There are still a number of unanswered questions. The team hasn’t excavated any hearth sites, so they don’t know just how the vessel was exposed to heat. Did the pot come from a domestic kitchen, or was it made and used for a single funerary feast? Did the food inside feed mourners, or was it meant for the afterlife? They also still don’t know what else was in the pot beside millet, since many other grains and vegetables don’t have easily detectable, unique biomarkers. Lipid analysis is a useful tool, but it’s not the only one. Microfossils, phytoliths (small silicon grains in plant matter), and DNA have all been used to identify ancient ingredients. “We should actually combine these lines of evidence,” Taché says. Microfossil analysis of the residue, with a specialist at the University of York, is coming next.
Even so, these questions may never be fully resolved. Getting to what Jaffe calls “a better guesstimate” would require lots of time and dozens, if not hundreds, of vessels for analysis of both scorch patterns and food residue. “As archaeologists,” Jaffe says, “we’re able to narrow down possibilities, as opposed to saying, ‘This is exactly the definitive way in which this vessel was used.’”
Meanwhile, Jaffe and his collaborators began to think about their contribution to the taste-test event.
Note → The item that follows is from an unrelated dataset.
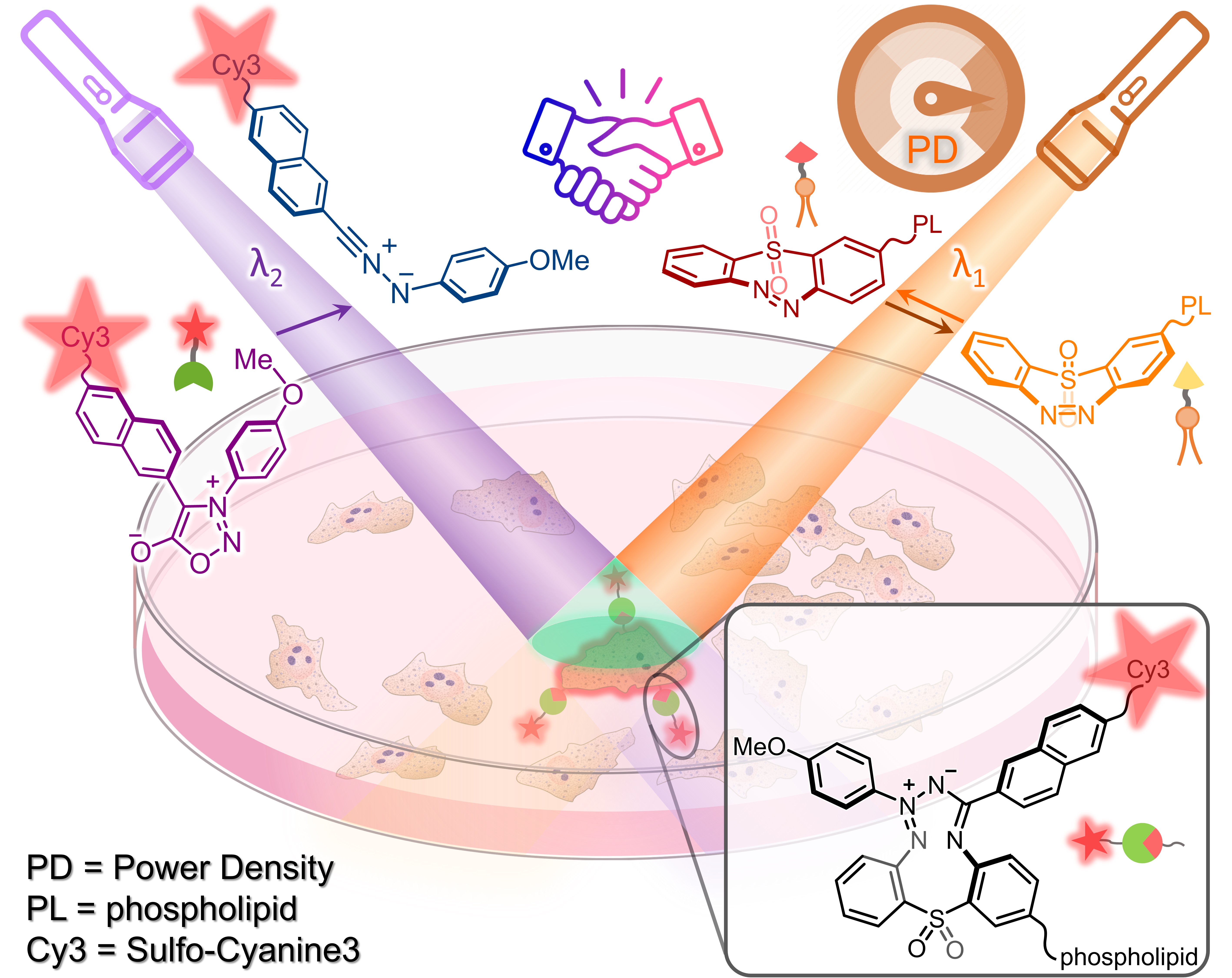 图1. 细胞膜上双波长相交光控制的光点击标记概念图。

They found themselves a bit stumped. They didn’t have much else to go on beside millet, but that alone would be a bitter bite to swallow. So, Jaffe joked, “to take pity on people at the event,” they needed more flavors.
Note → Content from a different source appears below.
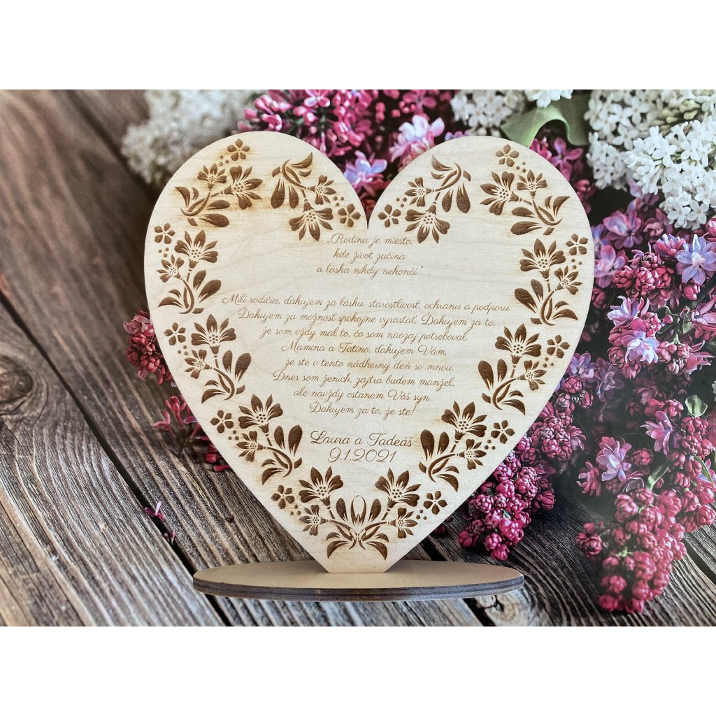 Originálne drevené poďakovanie poďakovanie rodičom, v tvare srdiečka s vzorom kvetov. Potešte svojich rodičov originálny darčekom na svadbu.

Jaffe’s team took some liberties and turned to ingredients known to have been available in the region at the time. Pig bones turned up in the cemetery where the pot was found, so they added some pork. Eggplant made the cut, too, since archaeobotanical research at a nearby site points to its relatives in the nightshade family. Childs spiced the dish with dashes of cumin, cloves, and star anise.
Picking these flavors obviously has a huge impact on the finished product. In this case, Childs was trying to make something palatable, even delicious, with ingredients that weren’t totally implausible. In other cases, researchers have used the limits of palatability as a guide. “Human palates have outer bounds,” says Pia Sörensen, of Harvard University, who worked on the Babylonian dishes. Even if recipes and preferences change over time, there’s a threshold at which a dish might be too much—too hot, too bitter, too sour. A boundary like that, says Sörensen, is “very comforting,” and at least helps show us what ancient people weren’t eating.
The resulting millet-pork stew was served in little paper cups and topped with a millet crisp, shredded carrot, and herbs. One taster gulped it back like a shot. Another chewed slowly, thought for a moment, and declared the result earthy and aromatic. Many did a lap around the room, tasting as they went, and then came back to Childs’ Siwa-inspired stew for seconds.